3 minute read

Aurore Morisse

JANETTE RENCONTRE L’ART DE TRANSMETTRE

Élodie Lambion

Marchande d’art et acheteuse sur l’émission Affaire Conclue, présente pour la première fois au salon Antiques & Art Fair à Luxexpo The Box, avec naturel et sincérité, Aurore Morisse partage sa passion du métier, sa vision du marché. Un échange en toute transparence reflétant les valeurs, l’éthique, la nouveauté et la transmission qu’elle insuffle dans sa profession.

La conférence que vous présenterez lors du salon luxembourgeois aborde l’art 3.0. Comment le définiriez-vous ?

En fait, l’art 1.0, c’était acheter en boutique sans internet ni télévision. Pour l’art 2.0, tout était numérisé et pour l’art 3.0, tout le monde se dit antiquaire, le mot collectionneur est amené à disparaitre. En utilisant les plateformes à la place de chiner, les profils des clients ont changé : avant, ceux-ci cherchaient des choses exclusives, un patrimoine caché, ils avaient un grain de curiosité alors qu’à présent, ils veulent seulement posséder. L’art 3.0, c’est de la spéculation marketing. Certains clients n’achètent plus pour eux, mais pour montrer aux autres qu’ils ont.

Professeure, conférencière, en quoi la transmission est-elle essentielle pour vous ?

J’aime beaucoup partager, c’est le but de mon métier. Mon papa était lui-même antiquaire, il m’a transmis ses connaissances. Échanger, transmettre pour ne pas perdre, c’est une nécessité. Pour moi, un objet aussi, cela se transmet. Avant, chaque famille possédait des objets qui se léguaient de génération en génération. Chaque objet avait donc une âme, une histoire. Or, actuellement, il n’y a plus de transmission, de partage. Moi, j’ai ce besoin de le faire.

Quelle est l’origine de cet engouement pour les pièces ayant eu plusieurs vies ?

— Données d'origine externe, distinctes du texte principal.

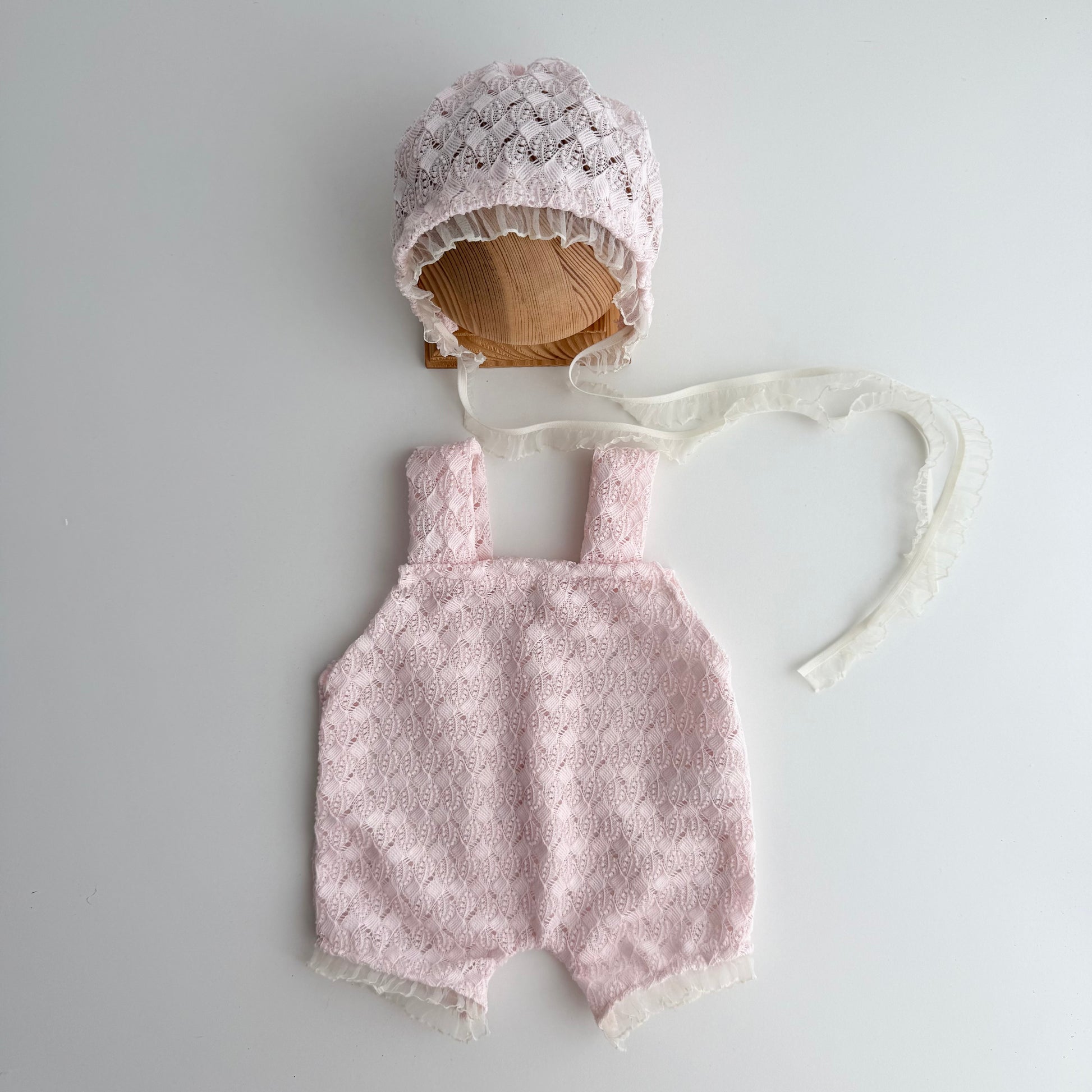 This beautiful piece features lace shorts designed to give the illusion of suspenders. The decorative faux suspender straps add a charming vintage touch while keeping the look soft and elegant. The entire set is crafted from soft pink lace (100% polyester) that photographs beautifully and drapes gently on the baby.

À cause du covid, les gens cloitrés chez eux ont refait leur intérieur. Certains ont investi dans l’art, car c’était plus facile pour eux que d’acheter une maison. Certains clients achètent parce qu’ils aiment l’objet tandis que d’autres viennent en me demandant quelle sera sa plus-value dans quelques années. Je ne suis pas Madame Irma. Il n’y a plus cet engouement lié à ce qu’on aime bien, mais on cherche l’aspect financier. On ne pense plus à léguer des choses à ses petits-enfants. Auparavant les collecteurs, dès que je rentrais un objet et avant même de le mettre en boutique, je les appelais, car ils aimaient l’exclusivité, c’était cela la possession. Aujourd’hui, posséder, c’est montrer à tout le monde qu’on a. Pour moi, il faut ressentir un frisson, comprendre que quelque chose se passe en voyant l’objet.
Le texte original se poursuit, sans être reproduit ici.